Oct 1 20:50:26 mta-0 postfix/smtpd[27903]: DEB4FC096: discard: DATA from mail-pd0-f173.google.com[209.85.192.173]: <devnull@example.com>: Recipient address triggers DISCARD action; from=<example@gmail.com> to=<devnull@example.com> proto=ESMTP helo=<mail-pd0-f173.google.com>
Oct 1 20:50:35 mta-0 postfix/lmtp[27909]: F3CDDC096: to=<devnull@example.com>, orig_to=<mailer@example.com>, relay=X.X.X.X[X.X.X.X]:2424, delay=1.1, delays=0.69/0.01/0.04/0.33, dsn=2.6.0, status=sent (250 2.6.0 <devnull@example.com> Message accepted for delivery)

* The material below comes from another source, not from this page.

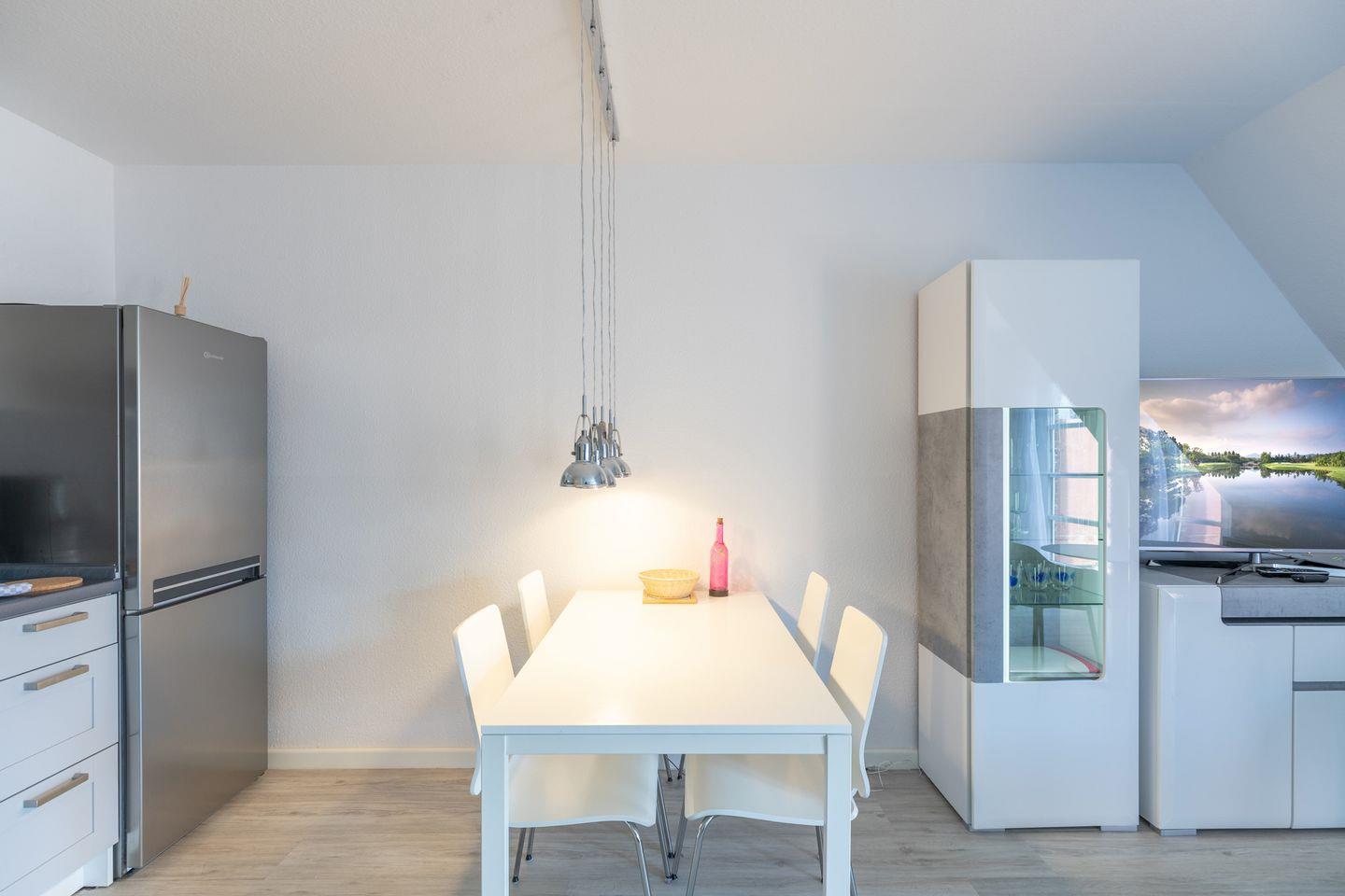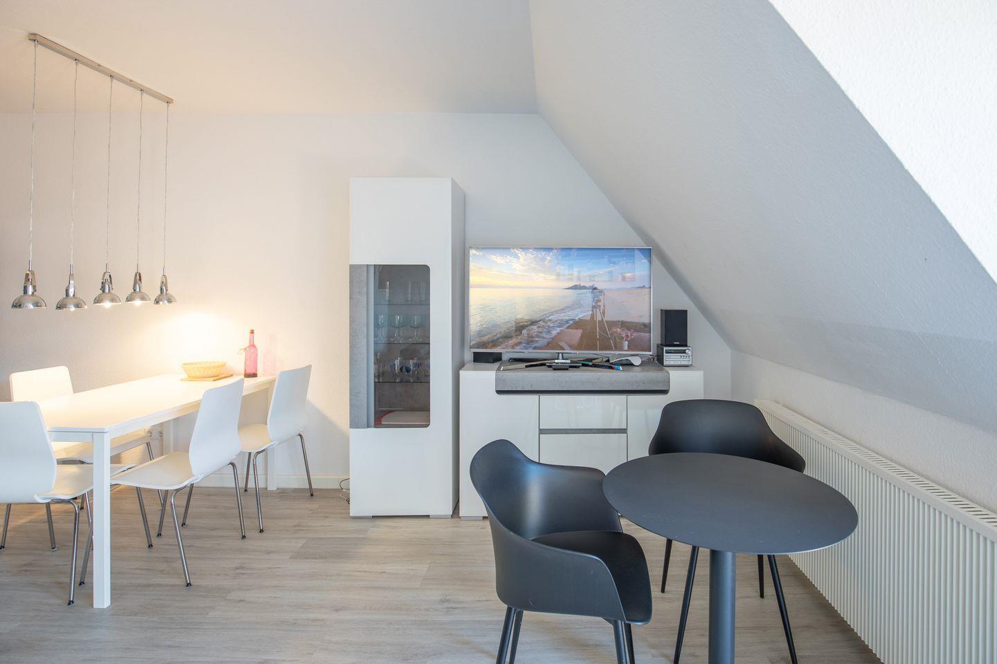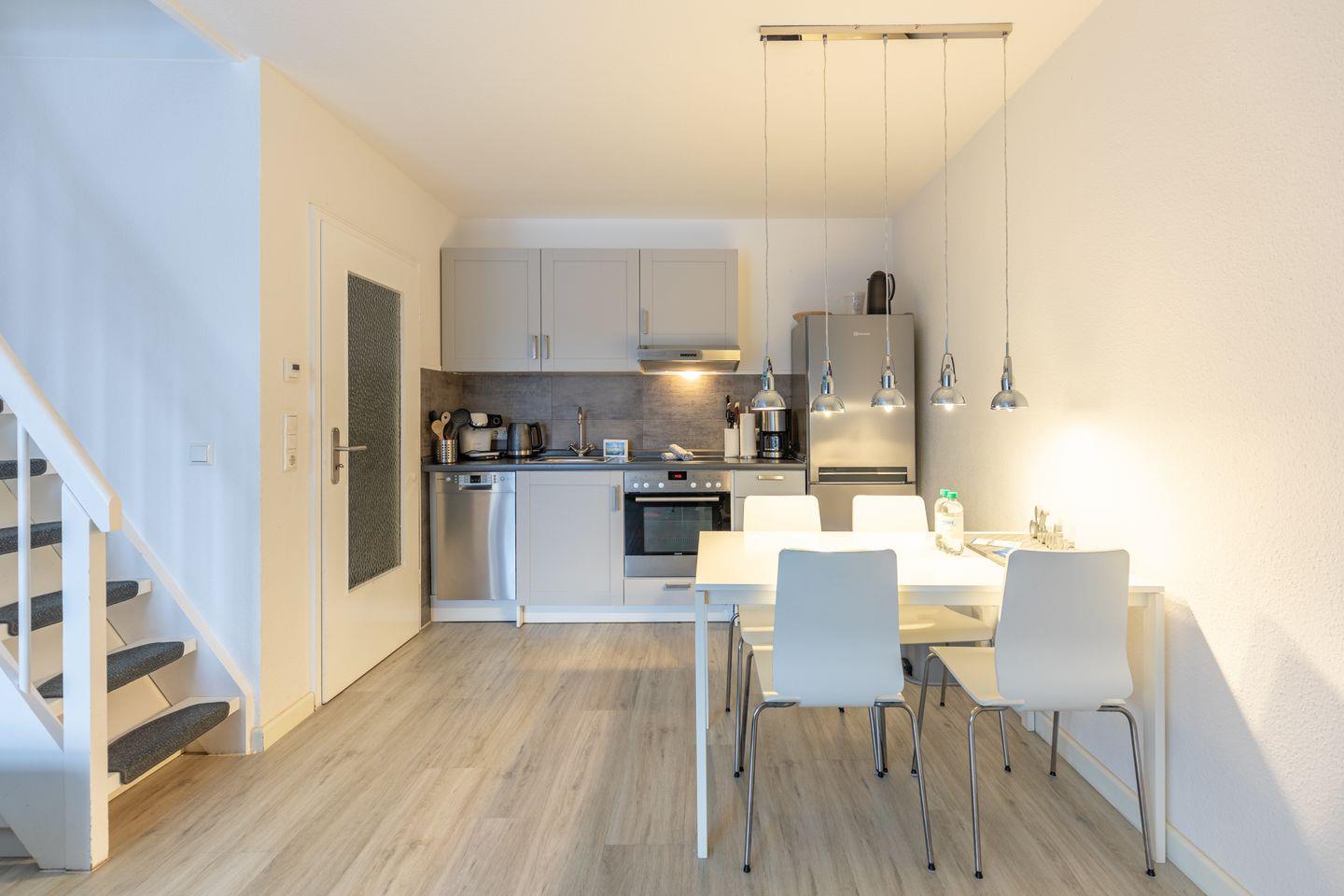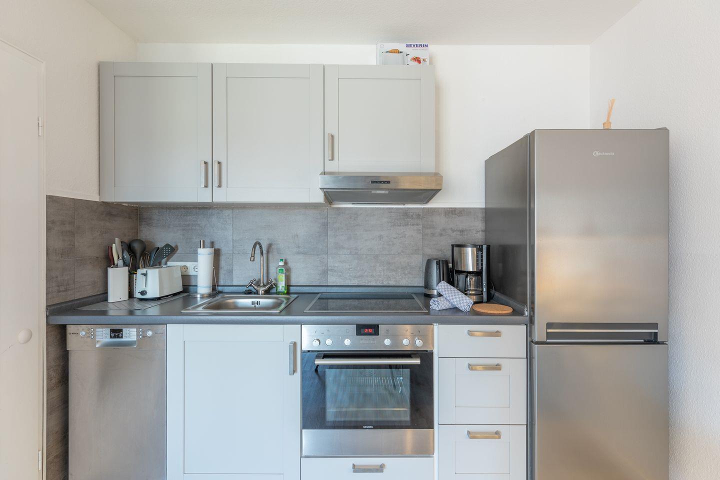 Die knapp 50 qm große Ferienwohnung eignet sich perfekt für zwei Personen. Im hellen Wohnraum finden Sie ein großes, gemütliches Sofa, einen Flachbildfernseher mit Netflix, DVD-Player und eine Mini-Stereoanlage. Ihnen steht ein kostenfreier WLAN-Zugang (Highspeed/Glasfaser) zur Verfügung. Die zum Wohnbereich offene Küche ist mit allem Komfort ausgestattet. Es steht für Sie ein Kaffeeautomat von Bosch zur Verfügung. Ein Esstisch bietet ausreichend Platz für die Mahlzeiten.

I would expect the rejection to be working on the SMPT envelope address, so irrespective of how it is processed after that, that's the address you need to put in toaccesslate. Of course, if you end up with multiple addresses that need processing like this then just put one per line in toaccesslate.
That said, I can't be completely sure exactly what is going on without examining and debugging the particular mail server and all the config relating to it.